The process of selling a house begins with setting the asking price for the property. Although it may seem lucrative to start by setting a high list price, it can actually harm your chances of selling the property in a number of ways. Let’s take a look at four ways that overpricing your home can make your home sale more difficult.
1. You’ll Miss Potential Buyers:
If your home is overpriced, you’re going to have a tough time connecting with your target buyer market. Why? Because most buyers put in a max high price into their criteria as they search for properties. While some may include homes a little above their budget to capture overpriced properties, many won’t.
2. Your Listing Will Stand Out as Overpriced:
Remember that buyers are looking at dozens of homes in your area that have very similar criteria. If a home is way overpriced, a well-researched home shopper will be able to spot it from a mile away. While buyers usually do expect to do some negotiating, they don’t want to waste time fighting for a fair price with the property owner – especially in a market with solid inventory.
3. Buyers Will be Turned Off by Negotiations:
If a buyer is interested in your home but realizes that they’re going to have to negotiate to get the price into their comfort zone, odds are they’ll end up with another house. It’s difficult to plan a home purchase working with theoretical numbers that may or may come to fruition at the offer table.

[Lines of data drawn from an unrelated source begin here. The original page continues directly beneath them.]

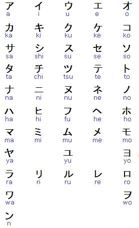 ছবিঃ কাতাকানা অক্ষরসমূহ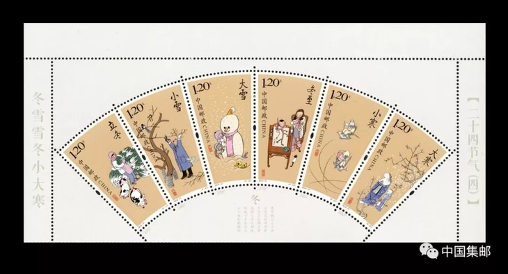 这个特殊版式“大团圆”,早在2015年《二十四节气》邮票启动时就已经完成了整体策划,将四套24枚邮票形成一个圆,既表达了地球是圆的,四季周而复始、气韵流动的理念,同时也传达了中国古代文化中圆满、圆融的概念。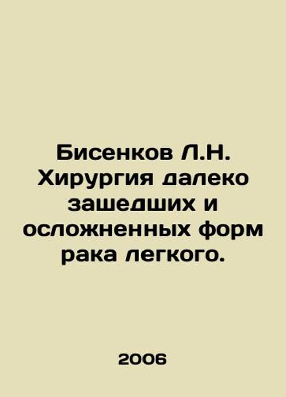 Bisenkov L.N. Surgery for advanced and complicated forms of lung cancer. In Russian /Bisenkov L.N. Khirurgiya daleko zashedshikh i oslozhnennykh form raka legkogo. St. Petersburg Dean 2006 431 pp. We have thousands of titles and often several copies of each title may be available. Please feel free to contact us for a detailed description of the copies available. SKUalb2ccb6939920f62ff.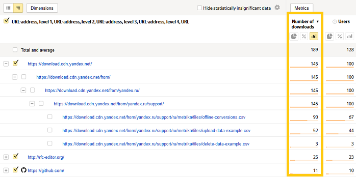 此报表显示用户尝试从您的网站下载音频和视频材料、存档、图像和其他文件的次数。 请注意,某些下载可能尚未完成。
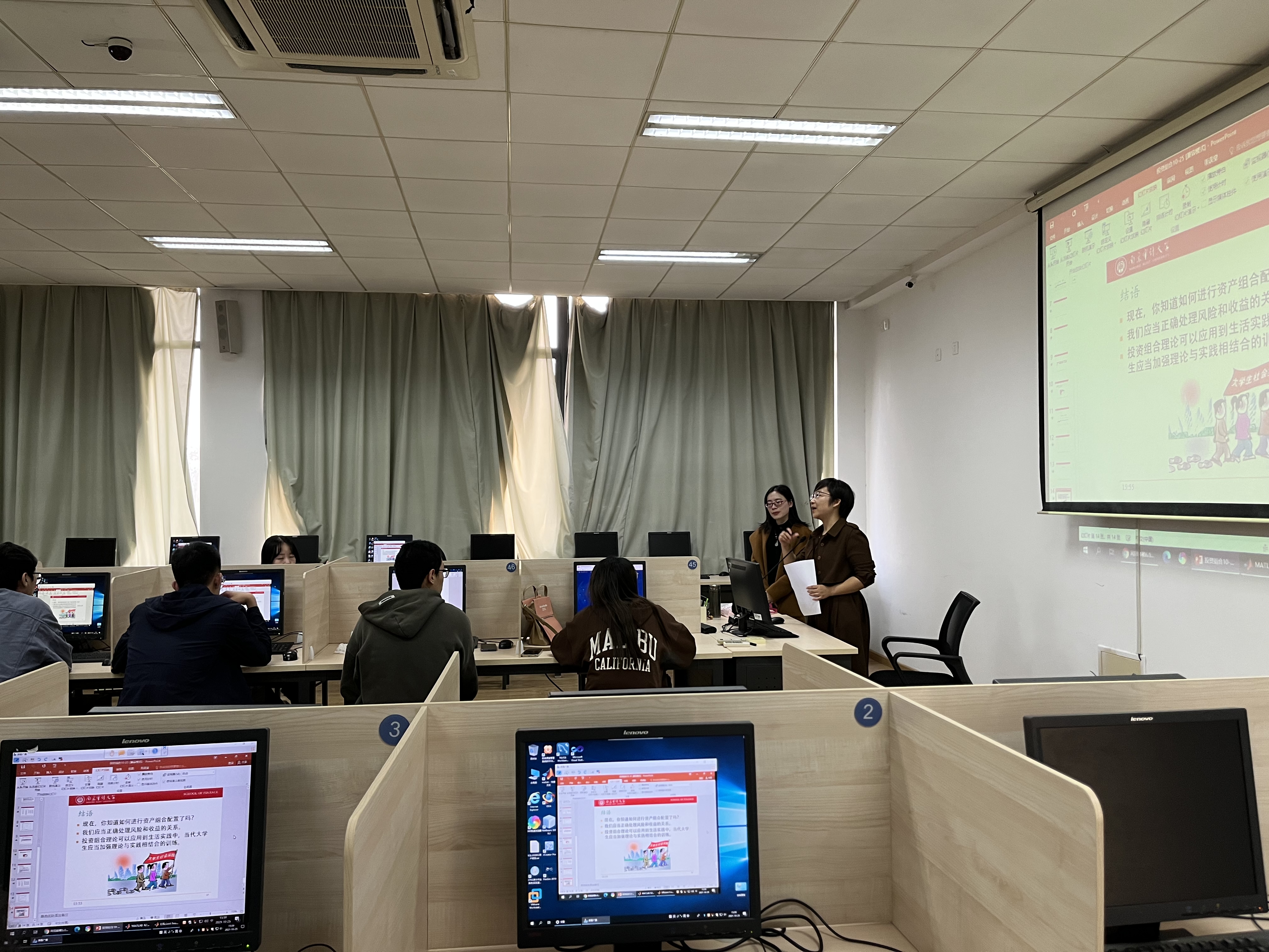 2021年10月25日下午,直播色情 组织教师在竟秀楼南楼s302机房集体观摩金融工程系邢钰老师的“Matlab与金融建模”课程,刘妍副院长、学院教务办和8位学院教师参加。邢老师精神饱满,授课思路清晰,采用案例分析等方法,并适度拓展,师生互动频繁,课堂气氛活跃,授课效果良好。学院姜勇、李杰老师和邢老师就课堂教学进行交流,刘妍副院长进行点评。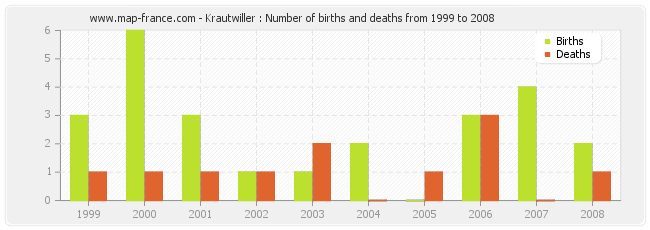 - Krautwiller in 2008 : 2 births and 1 deaths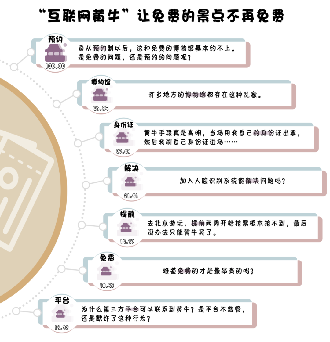 如此“作弊”手段引發(fā)輿論熱議。有網(wǎng)民表示,多地免費(fèi)景點(diǎn)都存在預(yù)約不上的現(xiàn)象,想去游玩必須花錢,其中博物館成“重災(zāi)區(qū)”;有網(wǎng)民感嘆“互聯(lián)網(wǎng)黃?!笔侄沃呙髁钊瞬坏貌环?,其已經(jīng)默許了“互聯(lián)網(wǎng)黃?!爆F(xiàn)象;部分網(wǎng)民反映,某些第三方平臺(tái)上,免費(fèi)預(yù)約門票被裹上“講解服務(wù)”“研學(xué)套餐”等外衣,搖身一變成為貨架上的商品,不禁令人發(fā)問(wèn),“互聯(lián)網(wǎng)黃牛”為何可以明目張膽地在第三方平臺(tái)上售賣免費(fèi)預(yù)約門票?是官方平臺(tái)監(jiān)管不力、置之不理,還是其授意“互聯(lián)網(wǎng)黃牛”與第三方平臺(tái)相互串通謀取利益?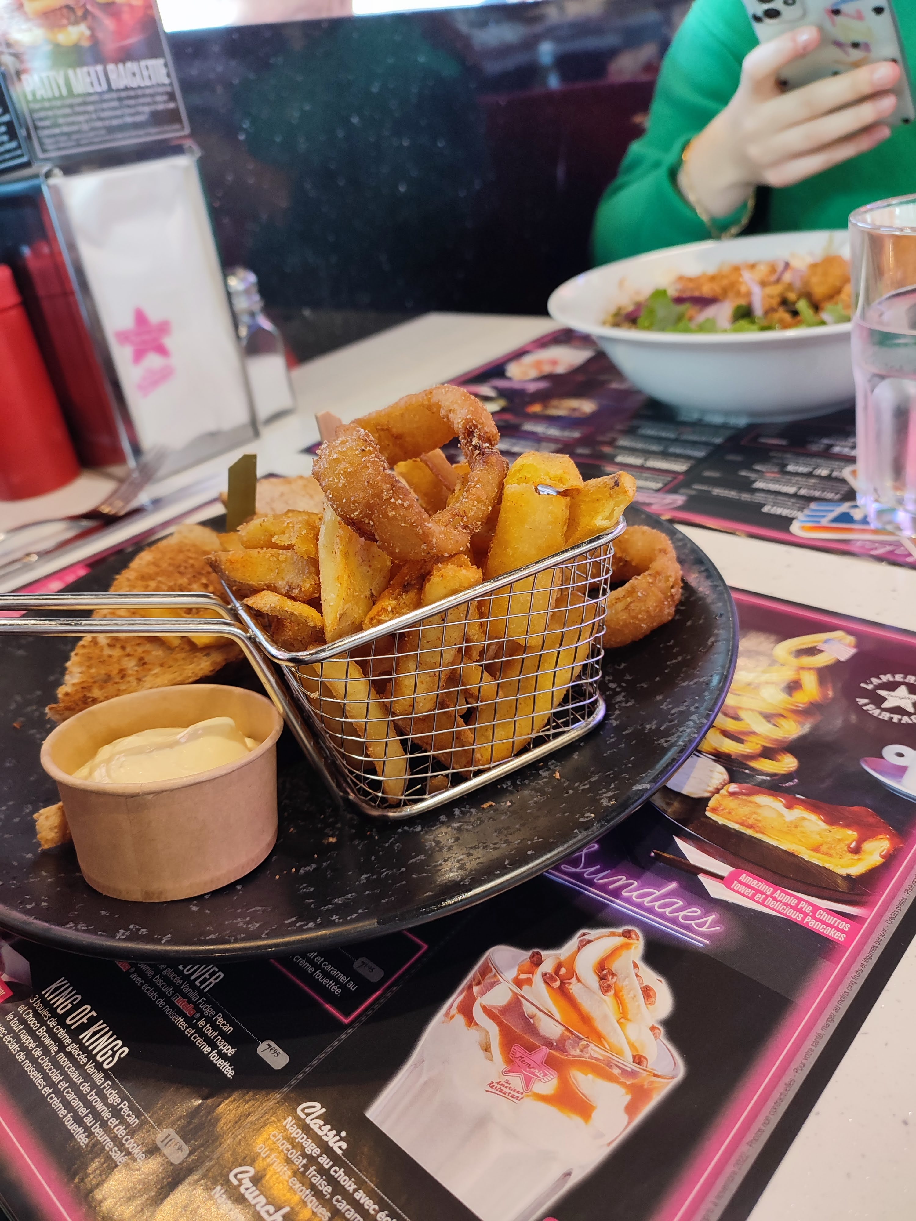 L'environnement est super, on se retrouve vraiment dans un Diner américain, l'immersion est réussie, les plats sont vraiment bien présentés et délicieux, il y a vraiment beaucoup de choix, c'est l'endroit idéal pour se faire plaisir. De plus, la serveuse qui nous a servis était vraiment aimable et agréable. Je recommande vivement !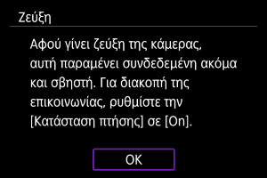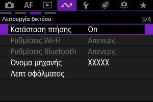 Εάν προτιμάτε να μην παραμένετε συνδεδεμένοι με τη μηχανή μέσω Wi-Fi/Bluetooth όταν είναι απενεργοποιημένη, ορίστε τη ρύθμιση [: Κατάσταση πτήσης] σε [On] ή ορίστε τη ρύθμιση [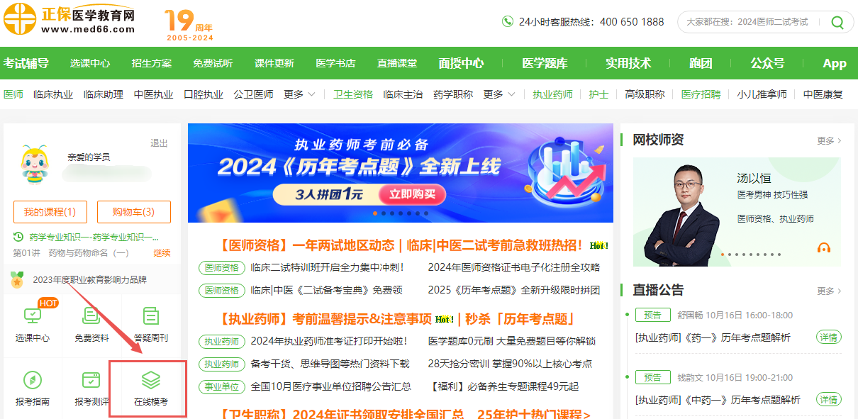 1、医学教育网首页,点击“在线模考”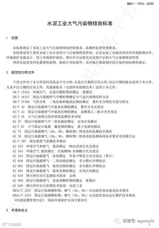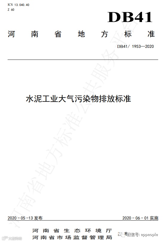 水泥工业大气污染物排放标准(DB41 1953-2020)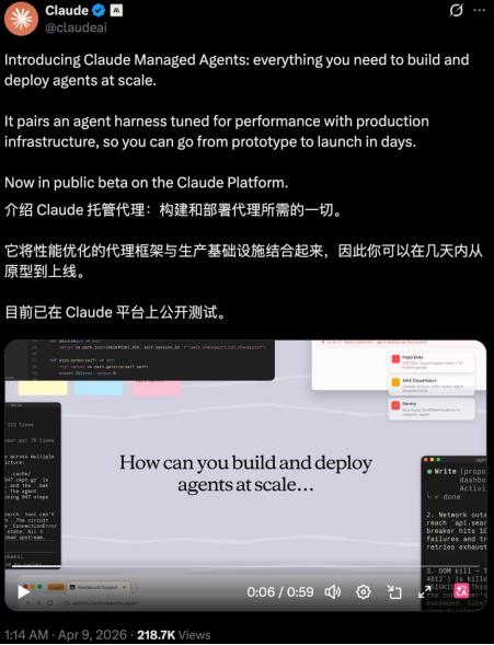 凌晨,Anthropic 发布了Claude Managed Agents,一套用于构建和部署云端智能体的托管工具。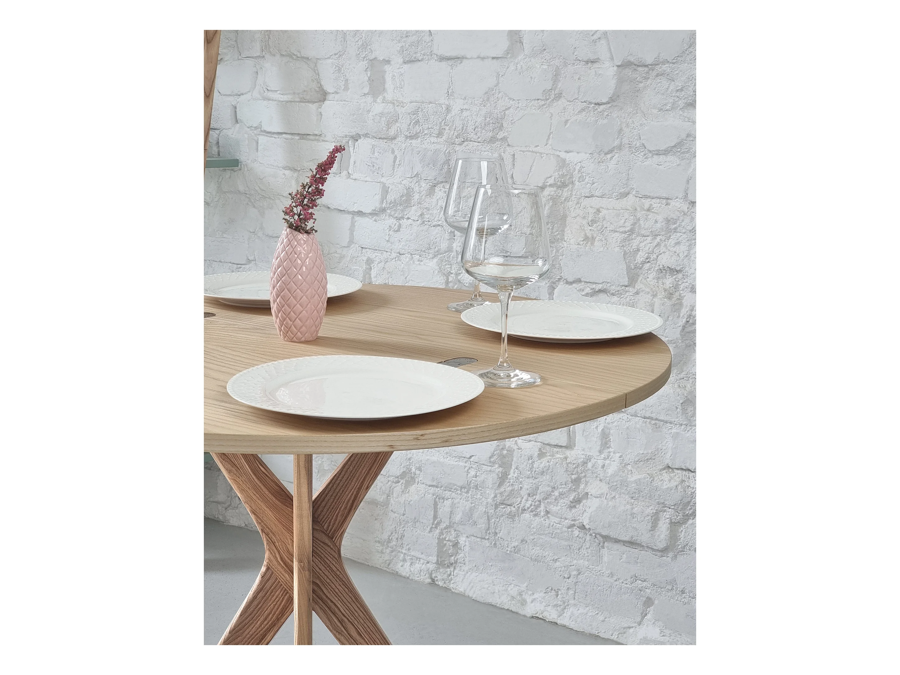 Table de salle à manger demi-ronde extensible 100 cm Jubi chêne

This is, perhaps, the most obvious reason it’s damaging to overprice your home. If you’re in a rush to sell, you’re going to have a much better experience if you price it right the first time. If your home is priced too high and you’re forced to do multiple price drops to generate buyer interest, it’s going to take longer to sell.
Now that you understand the risks involved with overpricing your home, make sure you set a fair price when you’re ready to list to increase the odds of selling your home quickly.